_TASK STATEMENT:_
Keeping pictures out, repeat the lines of the listing below exactly, starting at its first line and finishing with the one that holds "Сумка от торговой".

_DATA TO USE:_
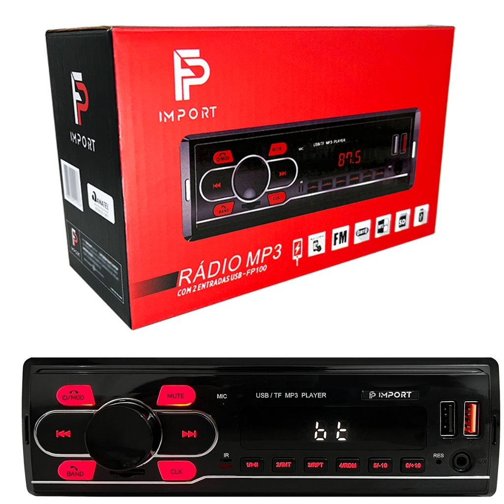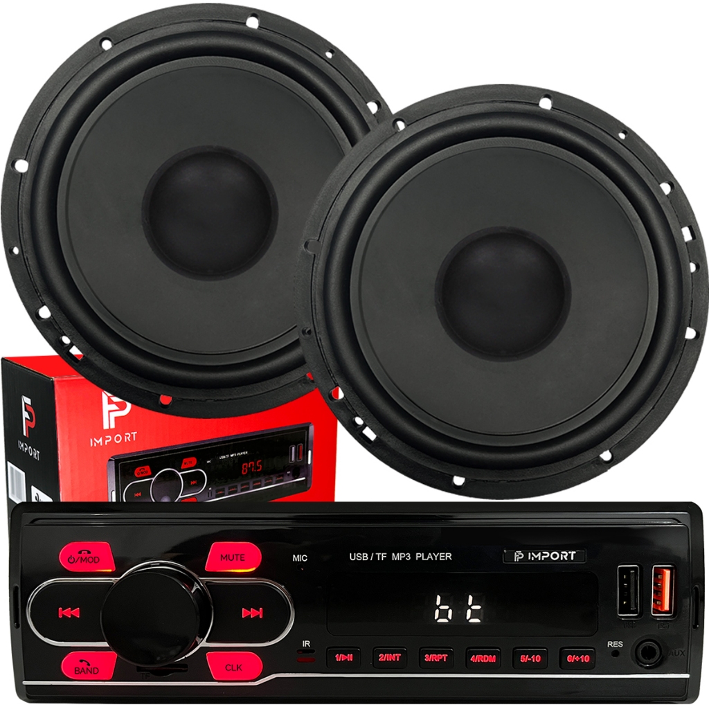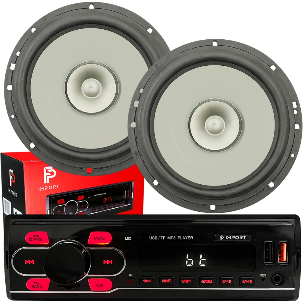 Kit Som Radio Mp3 Bluetooth Usb + 2 Alto Falante 6 Pol Carro
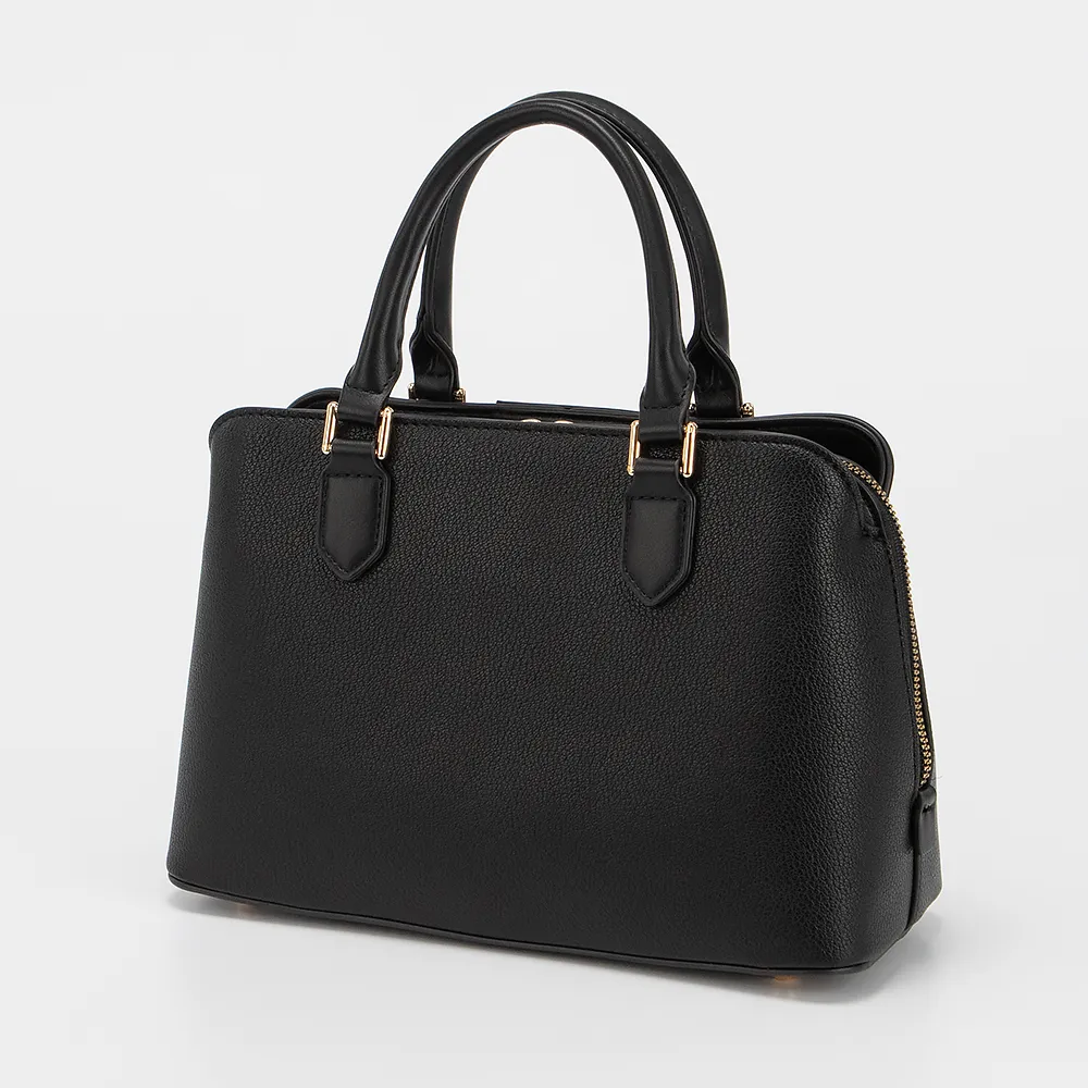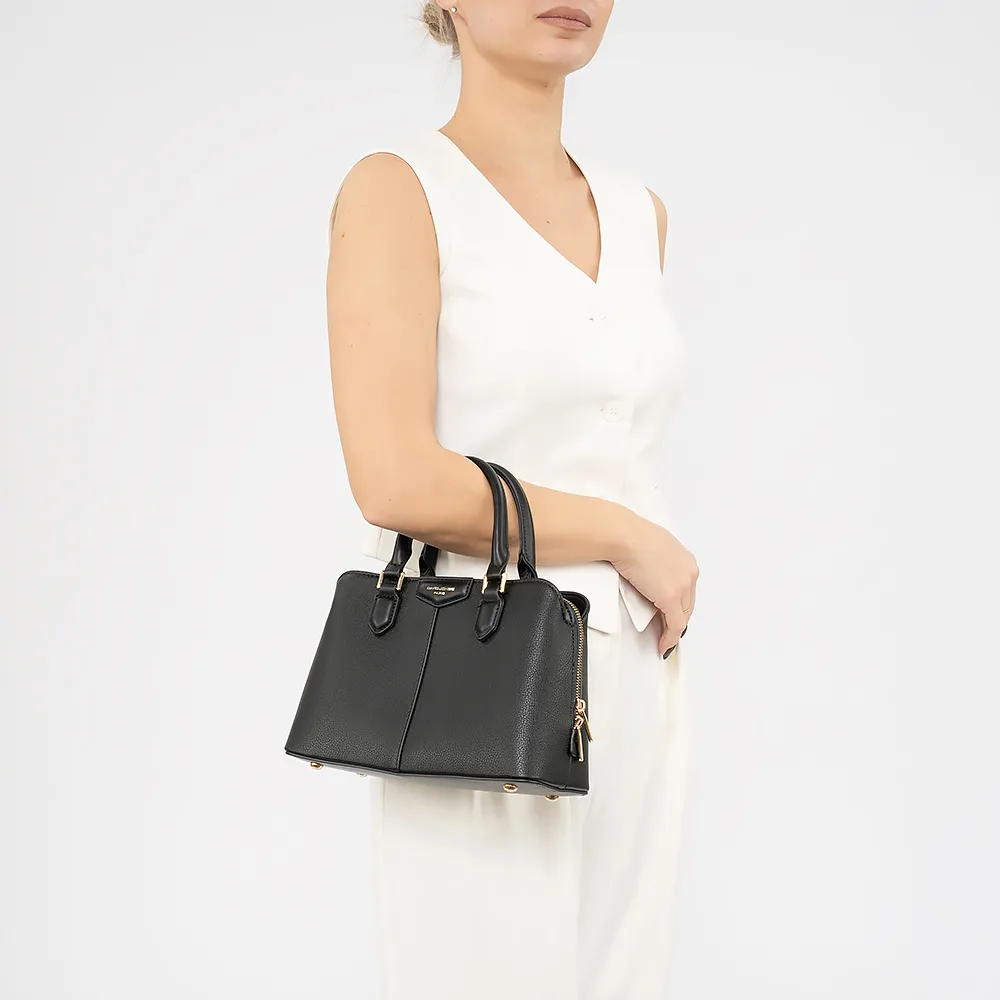 Сумка от торговой марки David Jones из искусственной кожи черного цвета. Модель с двумя ручками и съемным регулируемым плечевым ремнем. Отделение на молнии. Внутри: фирменная подкладка, карман на молнии и накладной карман. Спереди и сзади карман на магнитной кнопке. Дно оснащено металлическими ножками для защиты от износа.
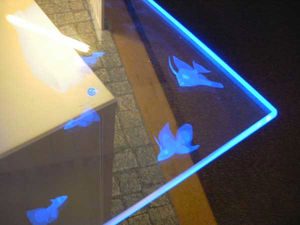 In der Gastronomie und Hotellerie kommt es immer mehr auf Design und Vermittlung eines luxuriösen und eleganten Ambientes an. Gleichzeitig soll mit jedem neuen Interieur auch Werbung für die Location gemacht werden. Die Gäste sollen über das Lokal und seine unverwechselbare Ausstattung auch reden. Und genau hier spielt Licht eine ganz entscheidende Rolle. Licht verwandelt und verzaubert. Licht ist extrem aufmerksamkeitssteigernd.Eine Entwicklung aus der Schweiz verbindet Exklusivität mit Attraktion. Für Aufmerksamkeit sorgen Tische, in deren Glasplatte gelaserte 3-D-Motive in farbigem LED-Licht aufleuchten. Auch in heller Umgebung! Form und Größe sind frei konfigurierbar. Alles ist möglich, auch bei den 3-D-Lasermotiven - Firmen-Logo, andere Motive oder auch das Logo eines Lieferanten. Infos unter: http://www.aristob.com/de/produktkategorien/indoor-beleuchtung/led-tisch-mit-3d-laserung-tabloo/
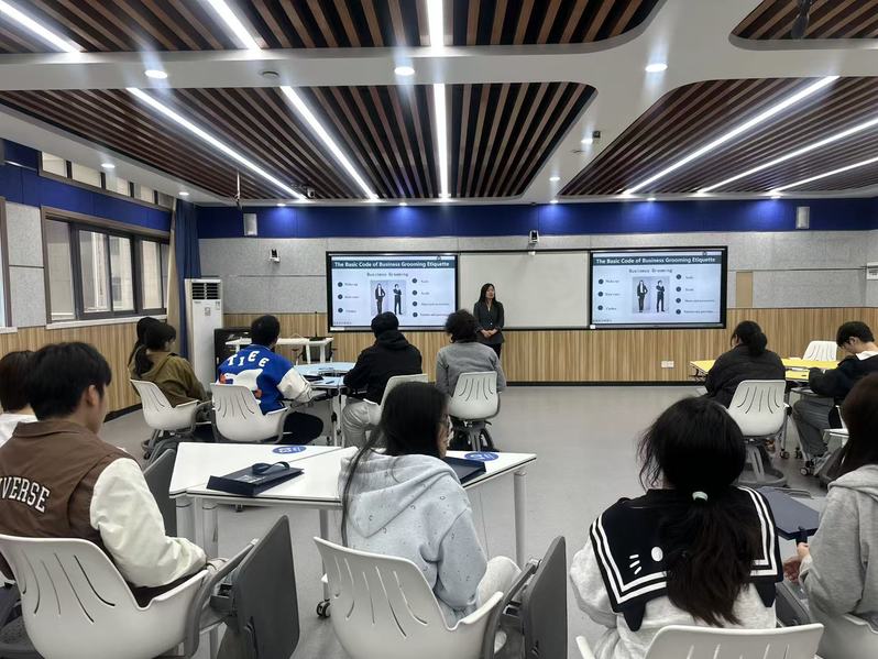 李婧老师向同学们介绍了商务用餐的基本礼仪,强调了礼仪背后所体现的尊重与文化内涵,并通过对比中西方餐桌礼仪差异,引发大家对跨文化交际的思考。
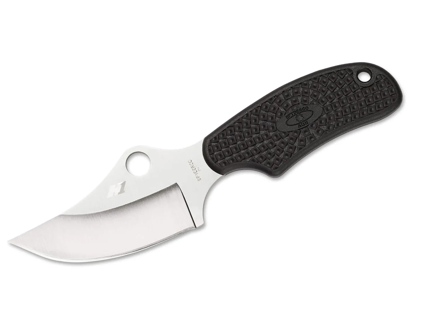 Das Spyderco ARK (die Abkürzung steht für „Always Ready Knife“) ist ein kleines, aber sehr potentes und vielseitiges Neck Knife. Das Design ist eine Kooperation von John Shirley und Sam Owens. Ungemein kompakt, aber mit ausgezeichneter Griffsicherheit ist das Messer auch für ausführlichere Arbeiten ungemein tauglich. Die Klinge des ARK besteht aus dem stickstofflegierten H1-Stahl und ist nahezu 100% korrosionsbeständig. Der glasfaserverstärkte Kunststoffgriff ist direkt auf den Erl aufgespritzt und liegt mit dem bidirektionalen Checkering unter sämtlichen Witterungsbedingungen sicher und komfortabel in der Hand. Es wird es in der Polymer- Scheide mit einer Kugelkette um den Hals getragen. Extrem dünn und leicht, macht sich das ARK kaum bemerkbar, bis man ein es benötigt.
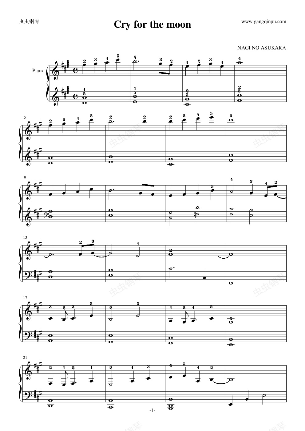 钢琴谱:Cry for the moon
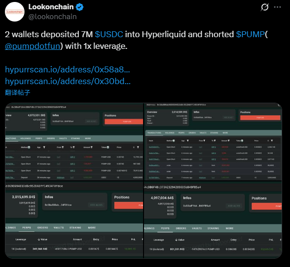 这笔大额仓位在链上被追踪后,引发了大量社区讨论,做空压力也随之上升,CoinMarketCap数据显示,PUMP 价格24小时内下跌了 9.32%。
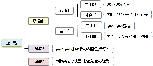 大動脈裂孔、 中間脚、 内側脚、 内側弓状靭帯、 腰肋三角 )
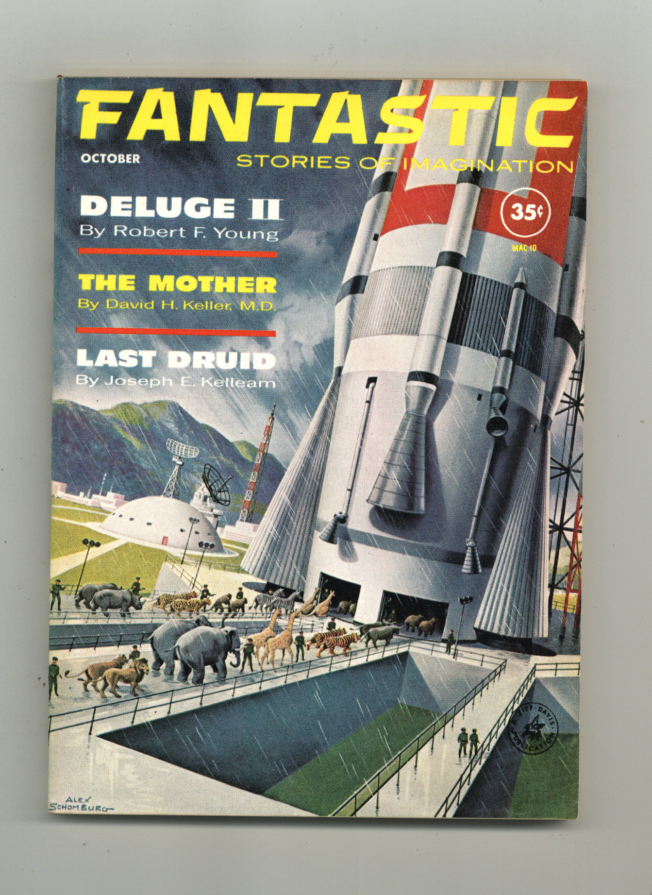 Published Oct 1961 by Ziff Davis.$17.00Volume 10, Issue 10 - October 1961. Features "Deluge II" by Robert F. Young, "The Mother" by Devid H. Keller, and "Last Druid" by Joseph E. Kelleam. 5.5-in. x 7.75-in.; black and white; 130 newsprint pages. Cover price $0.35.
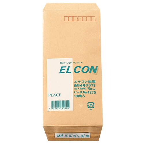 高春堂 ピース R40再生紙クラフト封筒 テープのり付 長4 70g/m2 〒枠あり 4270 1パック(100枚)
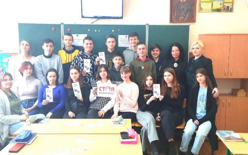 У рамках проведення даної акції на території Малинської громади спеціалістами служби у справах дітей спільно зі старшим інспектором ювенальної превенції відділення поліції Коростенського РУП ГУНП в Житомирській області Ольгою Савчук для учнів 9 класу ЗОШ №6 було проведено виховний захід  на тему «Підлітки проти насильства».
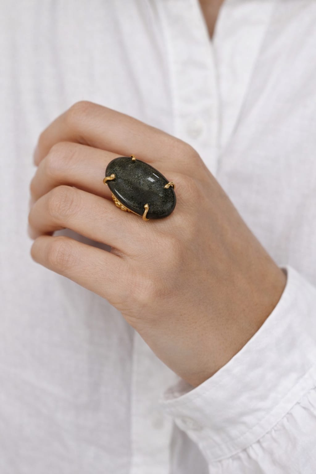 Grazie alla dimensione importante della pietra, questo anello diventa un vero punto focale dello stile, ideale per chi ama gioielli che raccontano una presenza forte ma raffinata.
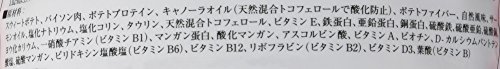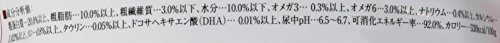 素材構成:粗蛋白質…20%以上、粗脂肪…10%以上、粗繊維質…3%以下、水分…10%以下、カルシウム…1.02%以上、リン…0.8%以上、ナトリウム…0.4%以上、タウリン…0.05%以上、マグネシウム…0.12%以下、オメガ3…0.3%以上、オメガ6…3.0%以上、尿中pH…6.5~6.7
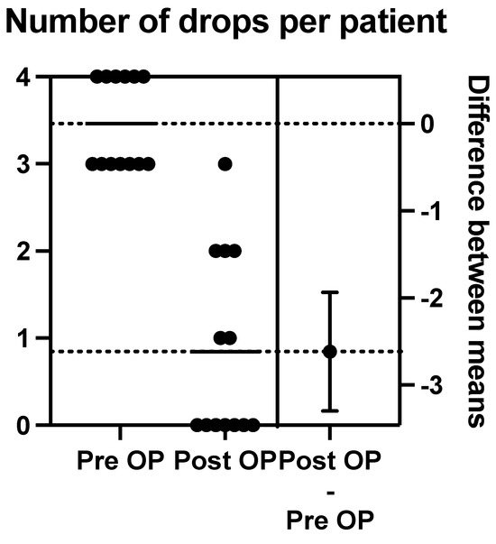The above schematic outlines the change in pre-operative to post-operative number of drops per patient.
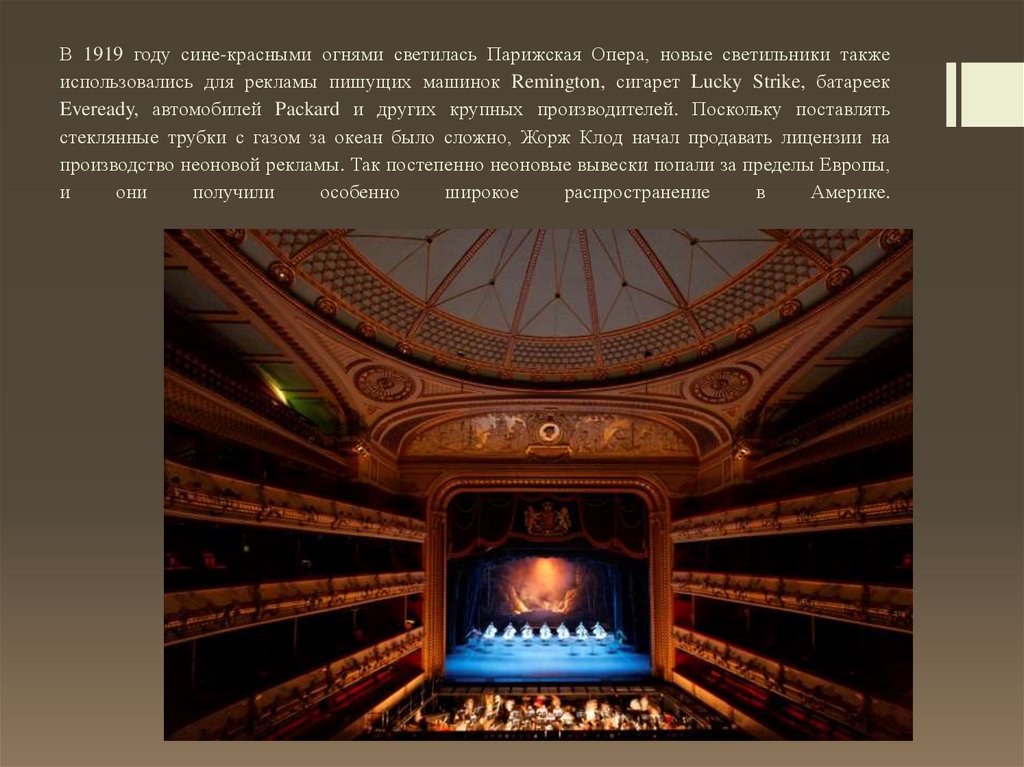 В 1919 году сине-красными огнями светилась Парижская Опера, новые светильники такжеиспользовались для рекламы пишущих машинок Remington, сигарет Lucky Strike, батареек
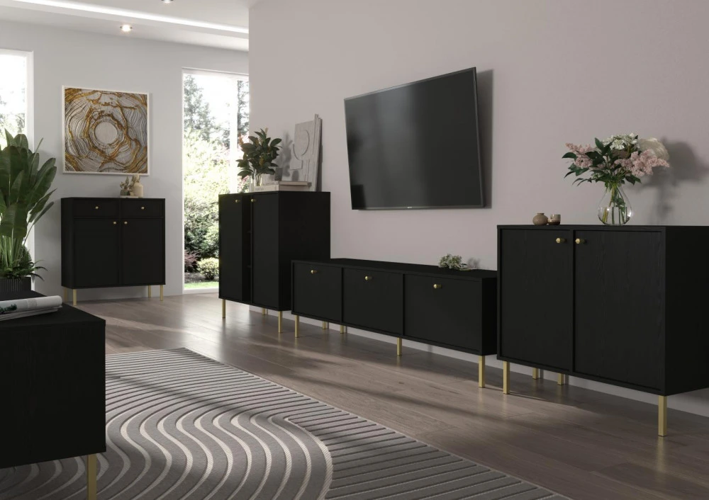 Série Tomila nabízí noční, TV i konferenční stolky, vitríny a komody v široké škále tvarů, barev a typů noh.
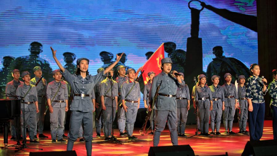 此次歌唱比赛采用淘汰制,要经过海选、进阶、半决赛等三个阶段的层层选拔,最终决出十二支队伍参加总决赛。为取得优异成绩,我校教师充分发扬革命先烈艰苦抗战、不怕牺牲的革命精神,克服活动持续时间久、训练时间少、调课难等重重困难,在夏导的指挥下,团结一心、刻苦训练。由于我校曲目表演形式丰富,情节跌宕起伏,独唱、合唱、舞蹈等融为一体,浑然天成,具有极强的感染力,因此不单在5月23日的片区选拔赛中轻易胜出,更在6月19日的半决赛中震感全场,夺得第一名,并最终在6月30日,在棠中举行的总决赛中荣获特等奖,再一次向世人展现了我新双中教师的风采。下面,就让我们一起来回顾那些精彩的瞬间:

_RESULT BELOW:_
 Kit Som Radio Mp3 Bluetooth Usb + 2 Alto Falante 6 Pol Carro
 Сумка от торговой марки David Jones из искусственной кожи черного цвета. Модель с двумя ручками и съемным регулируемым плечевым ремнем. Отделение на молнии. Внутри: фирменная подкладка, карман на молнии и накладной карман. Спереди и сзади карман на магнитной кнопке. Дно оснащено металлическими ножками для защиты от износа.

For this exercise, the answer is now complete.